Grab Holdings exceeded Wall Street expectations for second-quarter revenue, driven by higher consumer spending on its ride-hailing and food delivery services despite global economic uncertainty. The Singapore-based superapp reported revenue of $819 million, beating analysts’ estimates of $811.3 million, according to LSEG data.
The company’s strategy to transform into a comprehensive superapp, combining ride-hailing, food and grocery delivery, and other digital services, continues to attract more users. Subscription plans have helped boost loyalty and shield the platform from broader macroeconomic pressures.
Grab CFO Peter Oey highlighted that affordability remains key to driving user growth, particularly in Southeast Asia, where trade tensions and tariff concerns have weighed on economic sentiment.
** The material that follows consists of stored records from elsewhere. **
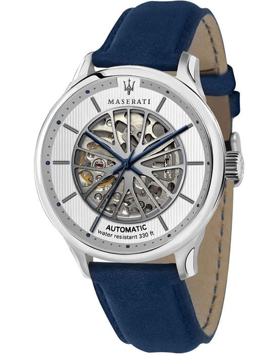 Мужские механические часы-скелетоны Maserati R8821136001, механический механизм (автоматический калибр) с высокой точностью. Класс водозащиты: 100 метров, позволит плавать, нырять и заниматься другими водными видами спорта. Корпус часов изготовлен из стали, цвета.
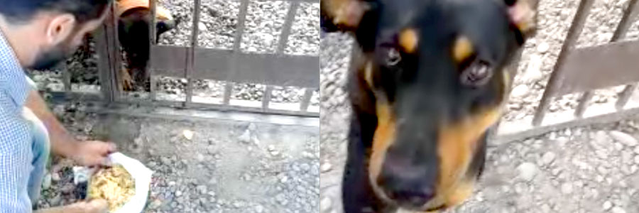 - Feeding a stray dog that been waiting for his food
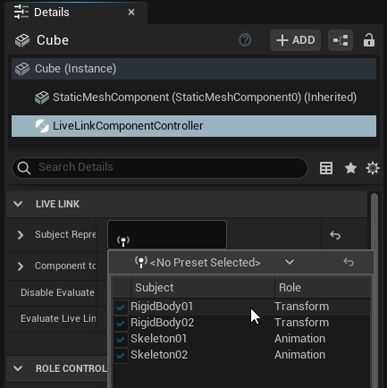 Select an actor you want to animate. In the Details tab select your "actor" (Instance). In the search bar, type in Live Link. Then click on the Live Link Controller from the populated list.
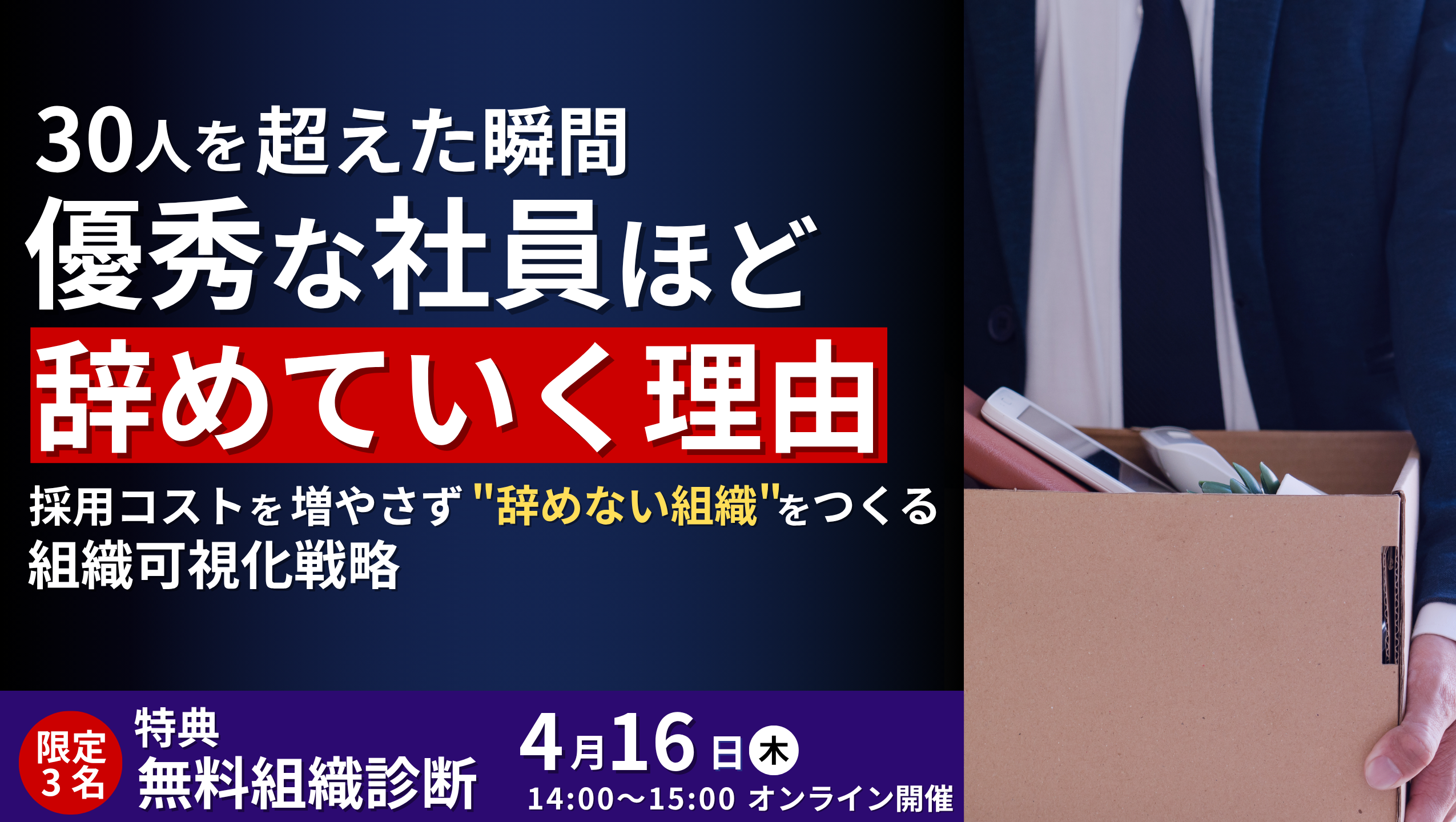 「30人を超えた瞬間、なぜ優秀な社員から辞めていくのか?」 採用コストを増やさず“辞めない組織”をつくる組織可視化戦略
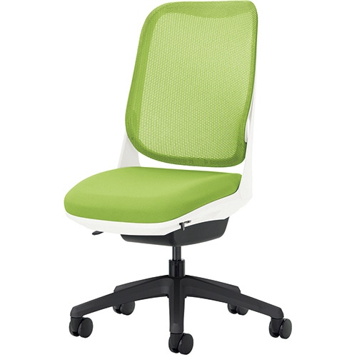 ライオン事務器 (N)オフィスチェアー RIDE<ライド> アームレスタイプ ホワイトフレーム 脚ベース:ブラック アップルグリーン NO.3560F-K 1脚
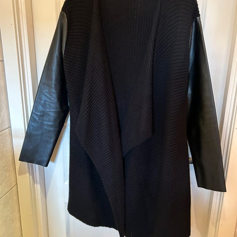 Svart strikkejakke fra KappAhl Xlnt i str XL selges siden jeg har glemt å sende den i retur og den ikke blir brukt. Den er i 60% bomull og 40% polyester
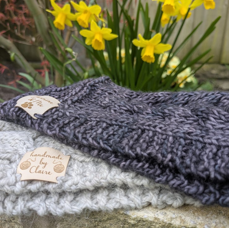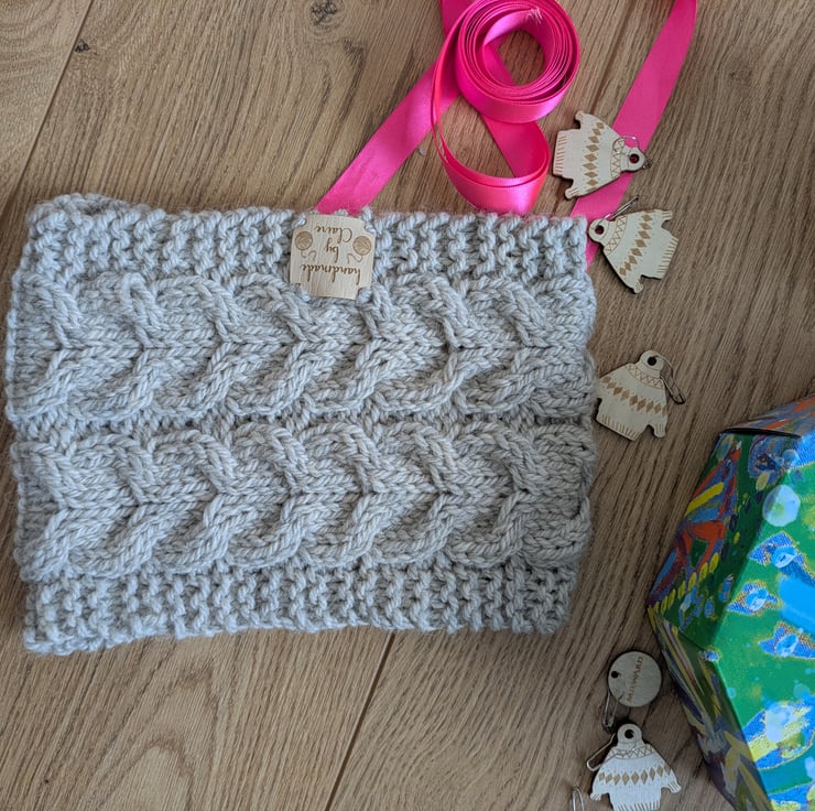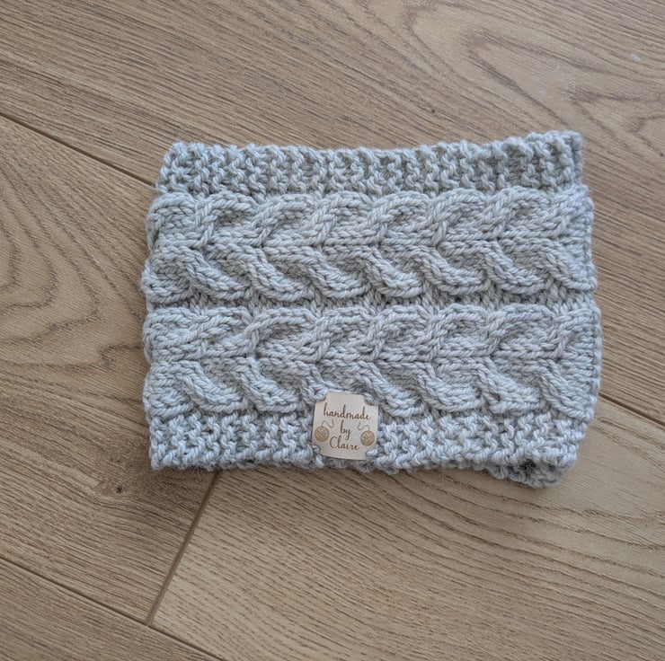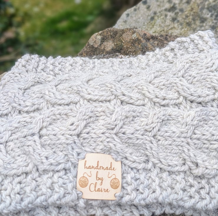 It is a handknit headband or ear warmer, with a central cable pattern. It's very soft as it's made with alpaca and wool - 65% wool and 35% alpaca.

Despite these challenges, Singapore’s economy expanded 4.3% in the second quarter, avoiding a technical recession.
Indonesia emerged as a major growth driver, with Grab identifying it as a profitable and underpenetrated market. The company plans to increase investment to capture more market share in the region’s largest economy.
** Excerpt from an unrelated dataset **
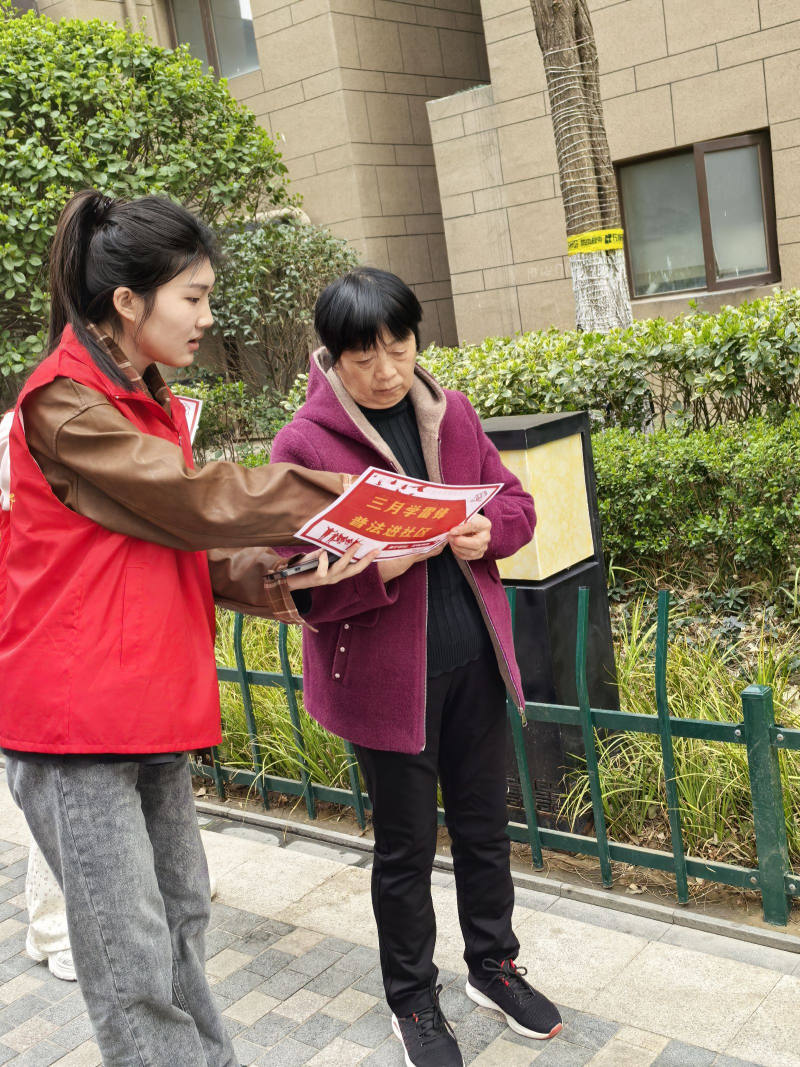 当日下午3点,志愿者们身着整齐划一的红色志愿服,手持印有 “维护权益,和谐消费” 等醒目标语的宣传页,个个精神抖擞,笑容满面。随后志愿者们分成若干小组,穿梭在社区的各个角落。在社区广场,他们热情地向过往居民发放法律宣传页,耐心讲解宣传页中的法律要点,用通俗易懂的语言将晦涩难懂的法律条文转化为居民易于理解的生活常识,引导居民思考生活中的法律问题,现场互动氛围热烈。

Grab posted a $20 million profit for the quarter, a sharp turnaround from a $68 million loss a year earlier. This marks a milestone as the company focuses on profitability while expanding services.
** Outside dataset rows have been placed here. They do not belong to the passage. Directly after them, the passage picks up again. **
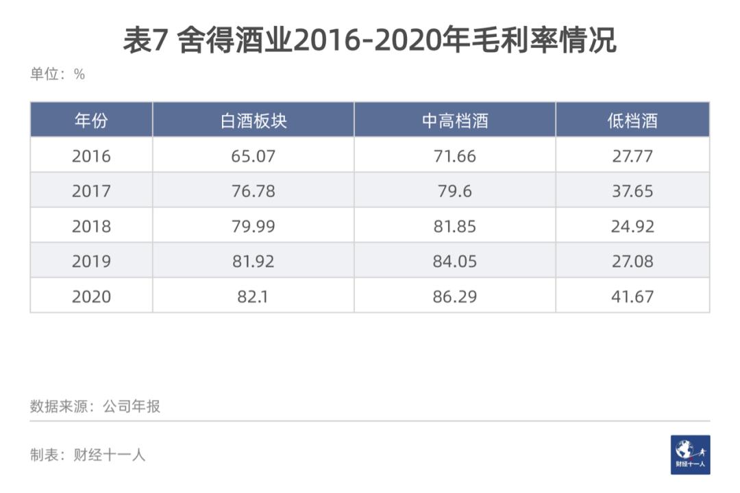 短短五年,因为产品普遍涨价、中高档品销量大增,舍得酒业的毛利率大幅攀升,见表7、表8。
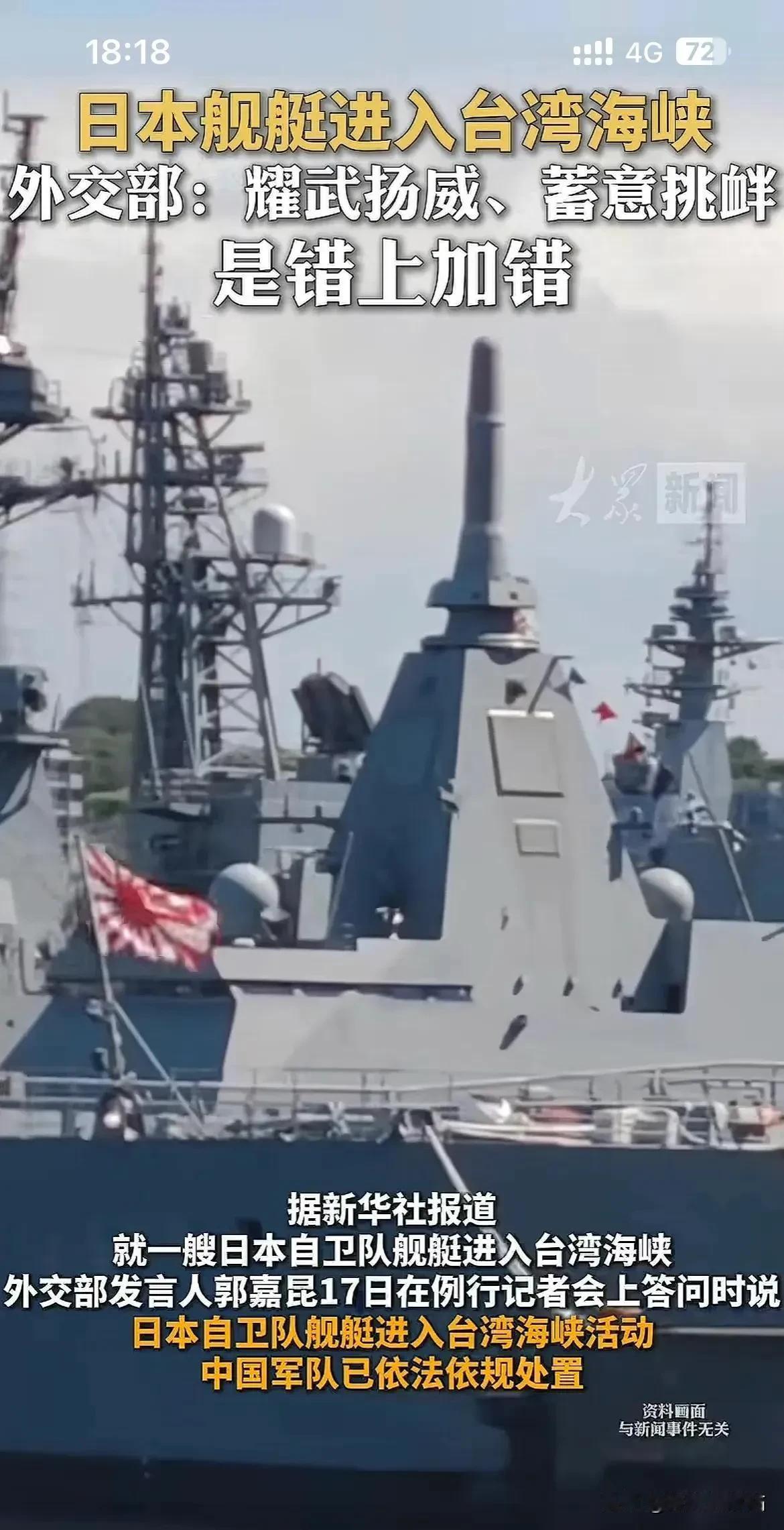 见过作死的,没见过日本这么赶着找死的!4月17日,日本自卫队军舰再次,悍然闯入台湾海峡,赤裸裸踩中国主权红线! 就在今天,日本海上自卫队舰艇未经中方通报,擅自进入台湾海峡蓄意挑衅,解放军全程跟监警戒、依法依规处置,外交部、国防部同日发声,怒斥日方“耀武扬威、错上加错”,已向日方提出强烈抗议。 这件事的本质,从来不是简单的航行,而是日本军国主义亡魂的死灰复燃。 正如艾跃进教授所言,我们要消灭的从来不是日本民族,而是从未被彻底清算的日本军国主义思想和右翼分子。从唐朝起它就屡次犯我中华,如今更是接连突破底线,妄图武力介入台海,贼心不死。 更讽刺的是,日方敢频频挑衅我们,却从不敢越俄罗斯、朝鲜的雷池半步。只因它心里清楚,这两个国家的红线碰了必遭重拳,欺软怕硬的本性暴露无遗。 《解放军报》早已直言,叫嚣武力介入台海,只会把日本引向不归歧途。对军国主义的心软,就是给子孙后代埋下祸根,红线面前,任何挑衅必遭迎头痛击。 最后想问大家:面对日方接连踩红线的挑衅,你觉得我们该如何亮明底线?评论区聊聊你的看法。 中方回应日本自卫队舰艇进入台湾海峡 台海局势 日本军事挑衅
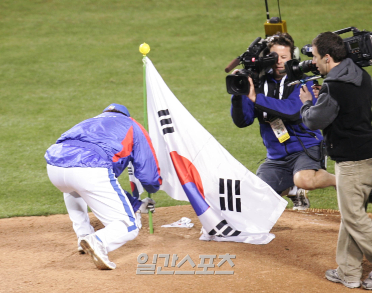 2006 월드베이스볼클래식(WBC) 2라운드 한국과 일본의 경기. 한국이 일본을 2-1로 승리하자, 서재응 투수가 태극기를 투수 마운드 가운데 꽂고 있다. [사진 일간스포츠 DB]
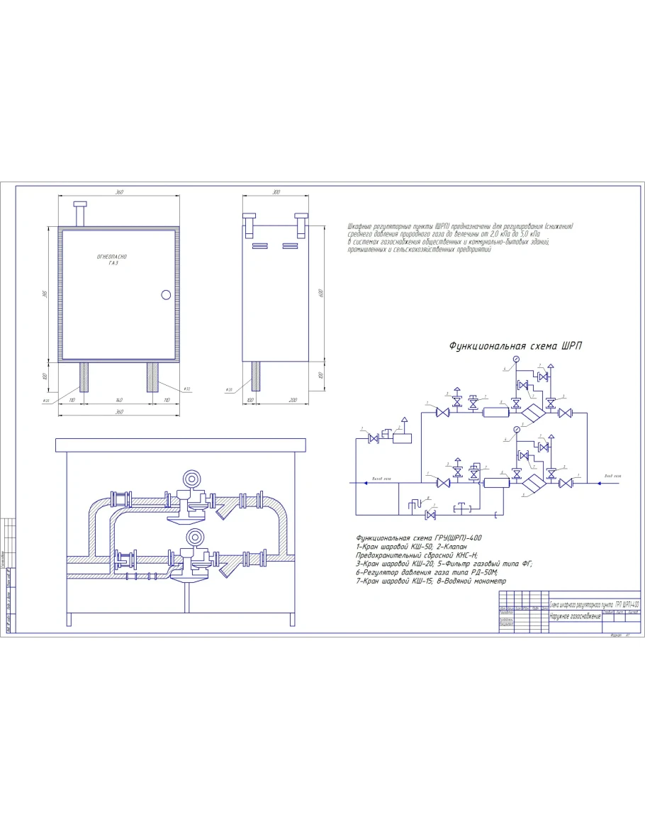 Схема шкафного регуляторного пункта ГРП (ШРП)-400. Наружнее газоснабжение.

Industry consolidation continues in Southeast Asia’s online services sector, with larger players acquiring smaller competitors to strengthen offerings. While speculation has circulated about potential deals, including Grab’s rumored interest in Indonesian rival GoTo, Oey clarified that no such discussions are underway.
Grab’s strong quarterly performance signals resilience amid economic headwinds and positions it for further growth across key Southeast Asian markets.